Friday, May 11, 2012

From Percy's Forge -- PVC Pipe Broadsword Pt. 1

I guess I should introduce Percy, first. Percival Drake is my younger brother by a couple years, and has a particular interest in creating practical, useable weapons for our 'games'. Lately we've discovered PVC Pipe swords. For the past few weeks, Percy's been making enough swords to arm a battillion. Since we absolutely adore theses swords, I figured I'd make a tutorial for them.

First of all, they're proving to be extremely durable. Me, Percy, and my other brother, Ben Fletcher, who's younger than both Percy and I, have been dueling with our own respective PVC weapons for a while now. They've held up very well, and believe me, Percy and Ben don't pull punches when it comes to fighting with swords, especially with each other. PVC works far better than wood does because of the slight flexibility that will absorb the shock of impacts and not dent, shatter, or snap. Obviously these things aren't invincible, but we have yet to find out how to break them in combat. If/when we do, I'll be sure to post and say how it happened.

Okay, so here are the tools and materials needed to make a PVC Pipe Broadsword.

Materials:
~One 53" (or more) length of Charlotte Pipe 3/4" PVC
~Four PVC Pipe caps
~One four way connector
~Cement, and cement primer
(You also need silver duct tape, black duct tape, and batting tape, but the process that includes those will be covered in a later post.)

Tools:
~Hack saw
~Measuring tape
~Permanent marker

Step One
Measuring and Marking



The dimensions for a Broadsword are thus:
Blade: 3'
Hilt: 9.5"
Crossguard: 9"

First, measure from one end of the PVC to three feet down its length, and make a mark with the marker. This will be the blade.

Now, starting from the mark you just made, measure out 9.5" for the hilt.
The crossguard is a little trickier to explain. Each half of the crossguard will be 4" in length, so you can either measure four and four, or else measure eight, and just make a mark at the halfway mark, however you want to do it. Now, I'm not that good at math, but I do know that four plus four equels eight and not nine. So why does the dimensions have the crossguard at nine inches? Well, the four way connector used to attach both halves of the crossguard to the rest of the sword adds about an inch. Eight plus one is nine. Aha!

Step Two
Cutting


The next step is easy. Hacksaw! Now, here's a tip from Percy... Do not saw beginning from the middle and working your way down. That will make it much harder for you. Begin from the end, and saw on every line you marked out on the PVC. Don't try to saw the crossguard in half after you've cut it out. Attempt to cut as straight as possible.

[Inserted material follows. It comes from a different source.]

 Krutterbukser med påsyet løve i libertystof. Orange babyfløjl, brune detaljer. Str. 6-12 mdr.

Because we do not have a very good hack saw, Percy had to use the wood saw you see pictured in the first photo after starting with the little red pipsqueak pictured here. Another tip? Get a good hack saw.

Step Three
Capping and Priming


 Time to stick it all together! Here we have all the pieces that you've cut out, plus the four way connector, and the caps. There's the blade on the far right, then the hilt and the connector, then the caps, and then the two halves of the crossguard.

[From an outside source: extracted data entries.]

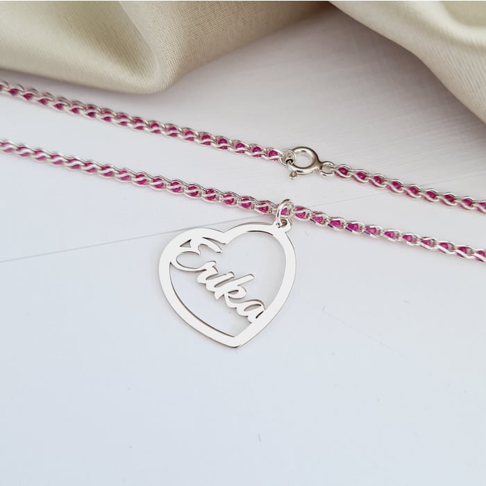 Lantisor cromatic – Pandantiv inima cu nume – Model lant impletit cu Zirconii – Argint 925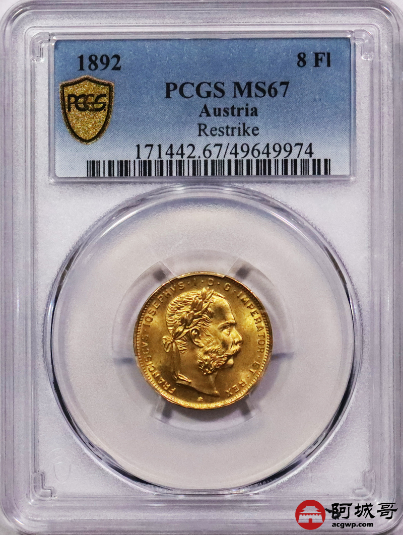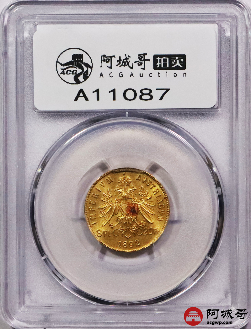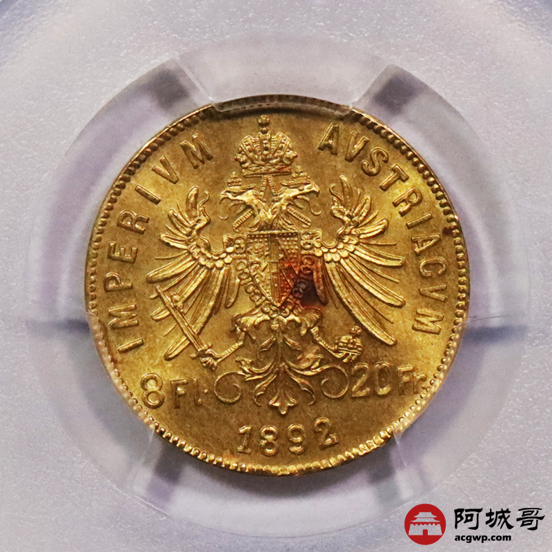 Lot:3668 1892奥匈帝国8佛罗林20法郎金币一枚,PCGS MS67评级编号:49649974
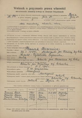 Wniosek o przyznanie prawa własności złożony przez Kazimierza Trzeciaka do Zarządu Gminy Góra Śląska, 3.09.1946.
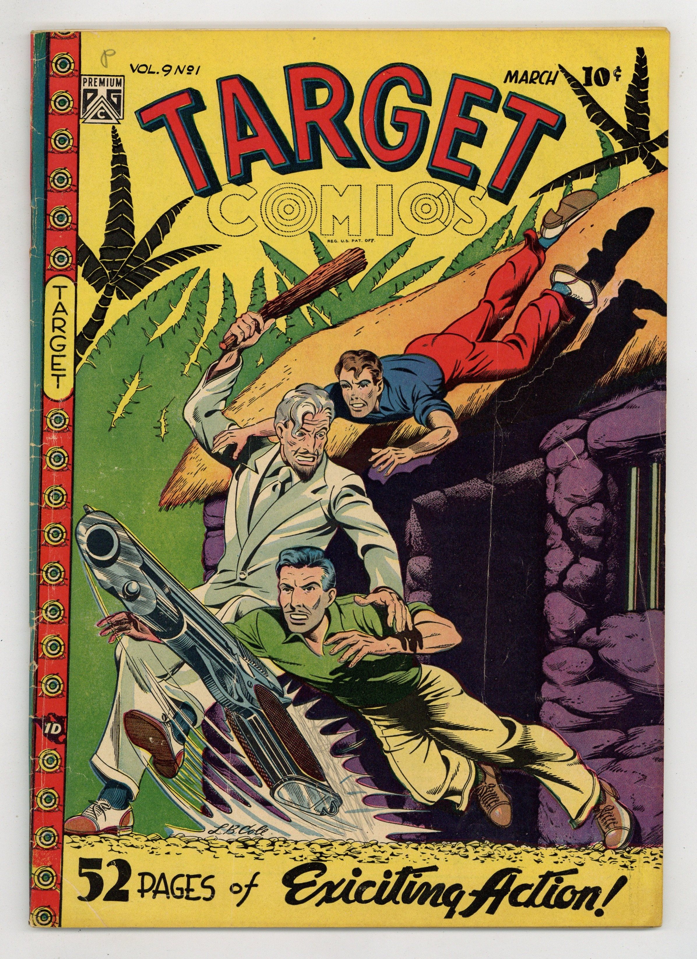 Cover art by L. B. Cole. Cadet story, art by Nina Albright; Kit Carter and Dan Merry go on a scavenger hunt. Target story, art by Ken Battefield. Midnight Fiddler text story. Bull's-Eye Bill western story, art by Joe Certa. The Candy Bar starring Speck, Spot, and Sis, art by Alonzo Vincent; Kids dress as the Shadow and Roy Rogers at a masquerade. Targetoons humor page by Milt Hammer. Candid Charlie story, art by Robert Sale (as Bob Q. Siege). Heathcliff the Hobo story, script and art by Art Helfant. Gary Stark story, art by Don Rico. 52 pgs. $0.10. Cover price $0.10.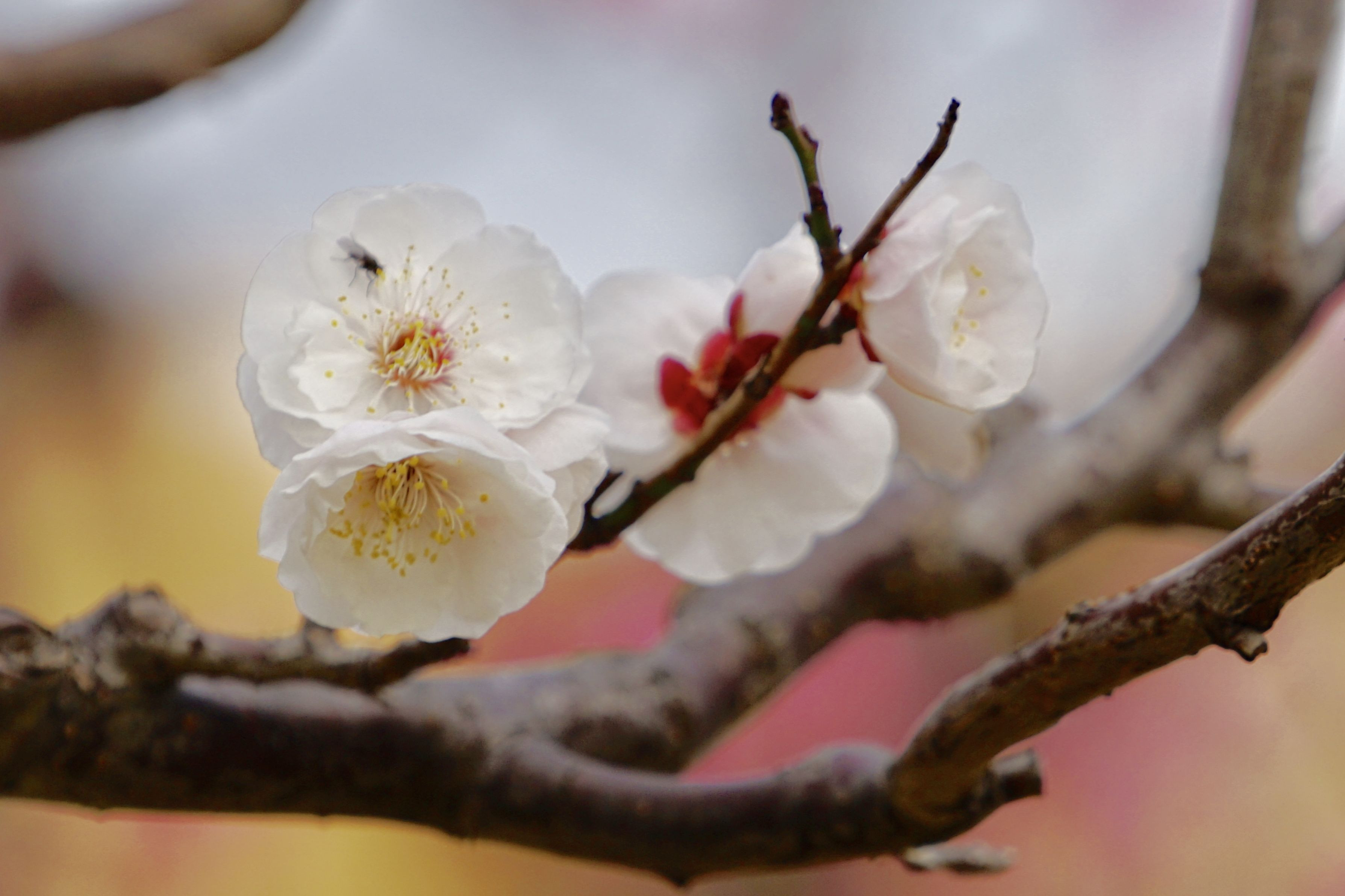 あらあら、こんなところに、こんな虫さんが。これもまた一興、素敵な白梅の、ちょっと稀なる愛らしさ。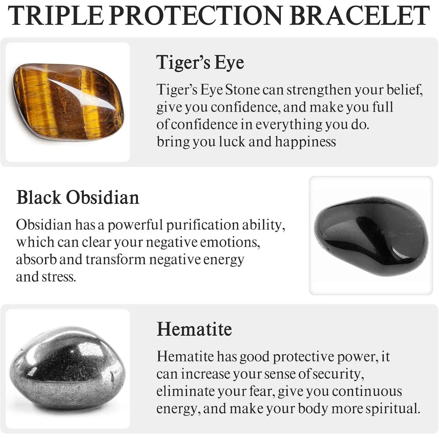 Name: obsidian bracelet,tigers eye,black obsidian bracelet,black obsidian,tiger eye bracelet men,black tourmaline bracelet,triple protection bracelet,protection bracelet,crystal bracelet,protection bracelets for men,black tourmaline bracelet for men,mens tiger eye bracelet,obsidian bracelet Material: Tigers Eye, Black Obsidian, Hematite Bead Size: 8mm Suitable for: Women and Men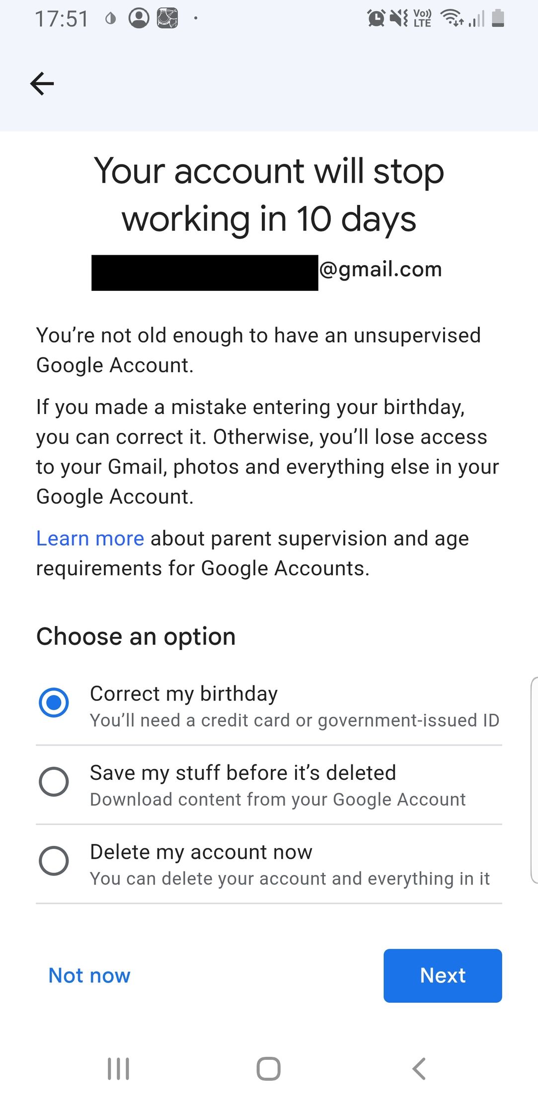 A gyerek accountján - egy app telepítése után, ahol meg kellett adni születési évet és a szülői felügyeletet - megjelent egy üzenet, hogy: "You're not old enough to have an unsupervised google account."bla-bla-bla, és most vagy küldök egy igazolvány képet vagy törlik az accountot pár napon belül. De minek ez, ha eddig bármit lehetett hasalni életkornak, és az én account-omnál sem kéri ezt?

First of all, put the caps on the end of each of your sword pieces.


Once you've done that, get your cement primer out and put primer on the inside rim of each hole in the four way connector...

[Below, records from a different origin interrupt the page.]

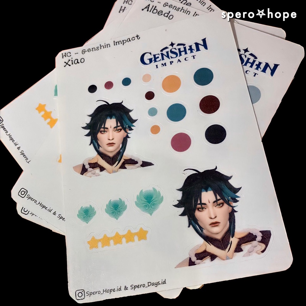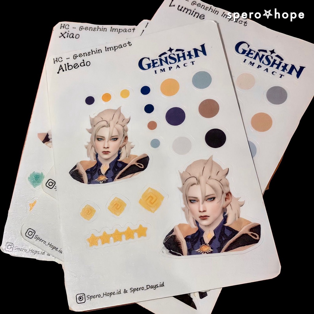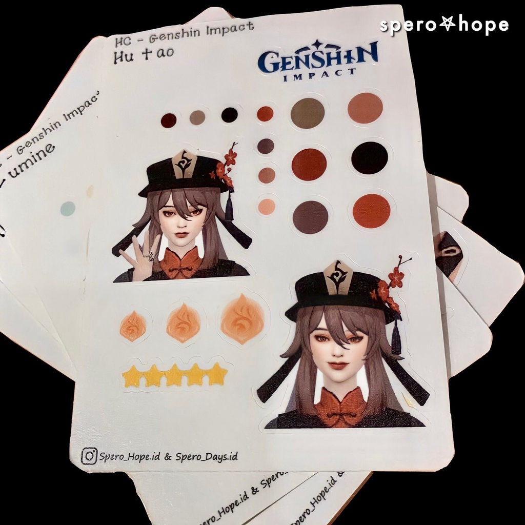 SPEROHOPE - #HCGI Cute Stiker Sheet Genshin Impact ver. Sims 4 Sticker Laptop Sticker DIY Diary Sticker Jurnal BUJO Planner Deco Stiker Hias Stiker Laptop (Hu Tao, Xiao, Albedo, Lumine )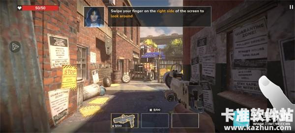 视角控制:按照引导滑动屏幕右侧调整视角,时刻扫描周围环境,避免被背后偷袭的僵尸包围。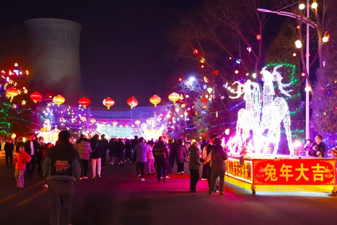公司十八米大路被彩燈裝扮得美輪美奐,經由榆化各分廠精心制作的彩燈在此閃亮登場。每座彩燈美得各有千秋,讓人目不暇接,孔雀、鳳凰栩栩如生,惟妙惟肖的兔子靈氣十足……漂亮的彩燈不僅造型獨特,而且主題鮮明、寓意深刻,榆化元素更是貫穿其中。這些元素有不待揚鞭自奮蹄的老黃牛精神,全員健身共赴健康生活的決心,“長風破浪會有時,直掛云帆濟滄海”的氣魄、實現“創新、科技、美麗、陽光、開放、共贏”六型新榆化的美好愿景;有安全環保與生產發展的雙向奔赴;有“五十年鑄就榆化航母、新世紀再創企業輝煌”的雄心壯志。游客們面對彩燈贊不絕口,積極拍照留念,流連忘返于每座彩燈前。榆化為歡慶佳節的箕榆人民獻上一場流光溢彩的燈火視覺盛宴。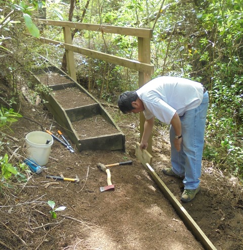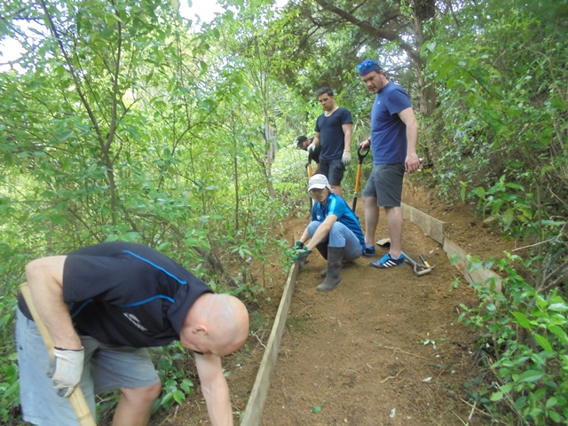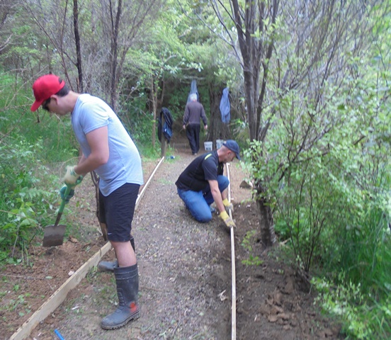 The third team worked on clearing up a section of track between a bridge and some steps. The track runs alongside the stream and we wanted to install a side board to make the edge of the track clear and to prevent erosion into the stream.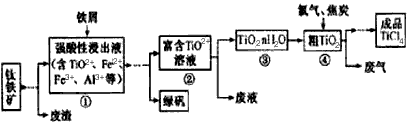 1、填空题 四氯化钛(TiCl4)是制取航天航空工业材料--钛合金的重要原料,由钛铁矿(主要成分是FeTiO3)制备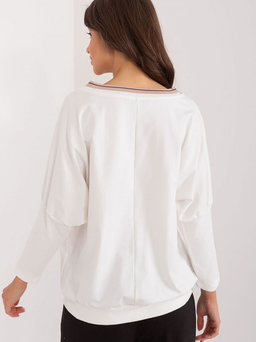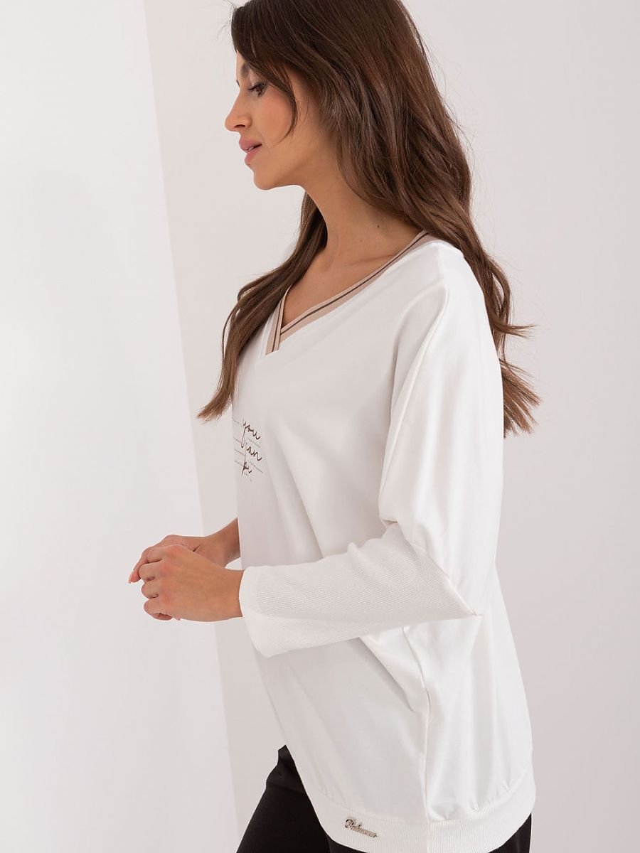 Przedstawiamy bluzkę, która łączy w sobie niezawodny komfort z casualowym stylem, idealną na codzienne noszenie. Ta bluzka utrzymana jest w swobodnym, casualowym stylu, który doskonale pasuje do codziennych sytuacji. Bluzka ozdobiona jest oryginalnym nadrukiem na przodzie, dodającym jej indywidualnego charakteru i wyrazistości. Wykonana głównie z wysokiej jakości bawełny, co gwarantuje komfort noszenia, miękkość i dobrą wentylację, pozwalając skórze oddychać przez cały dzień. Standardowa długość bluzki sprawia, że jest ona uniwersalna i nadaje się do różnych sylwetek i stylizacji. Rękawy 3/4 dodają bluzie lekkości i elegancji, idealne na cieplejsze dni lub do warstwowania. Dekolt w serek z kontrastowym ściągaczem nadaje bluzie modny akcent i sprawia, że jest bardziej intrygująca wizualnie. Subtelne dżety umieszczone na przodzie bluzy dodają jej wyjątkowego blasku i uroku. Ta bluza codzienna to nie tylko wyraz wygody i swobody, ale także stylowy element Twojej garderoby. Dzięki oryginalnemu nadrukowi i dodatkom, będzie ona doskonałym uzupełnieniem wielu codziennych stylizacji, dodając im indywidualnego charakteru i wyrazistości.
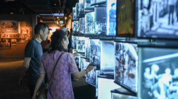 8月7日,游客在长影旧址博物馆观看电影歌舞剧《白毛女》。

.....and around the outside rim of each of the non-capped ends of the blade, hilt, and crossguard halves.


Step Four
Cementing


Let the primer dry (which takes about five or so minutes), and then get out the cement. The cement is going to go on each place where you put primer, but this time instead of applying the cement all at once, you'll do each section one at a time. Percy does it in this order: crossguard half, crossguard half, hilt, blade. Cover the inside hole of the four way connector on the proper side (depending on which section you're doing), then apply cement to the outside of the respective section, then insert the section into the connector. Make sure you get the section all the way into the connector, tapping it on the ground if you have to. Do the same thing for every section until youv'e gotten them all in, and try not to drip cement everywhere.





Step Five
Waiting


Now you have a lovely almost finished broadsword. This is the end of Pt. 1. The cement holding your new weapon together must be left to set for 24 hrs. Leave it somewhere where your little siblings won't be tempted to give it a go and either whack something important, or pull the sword apart before the cement takes hold. That would be bad. Yeah.

Percy's going to duct tape bind one of my sisters' swords tonight, and I'll take pictures of it, so Pt.2 should be up soon. Forge away!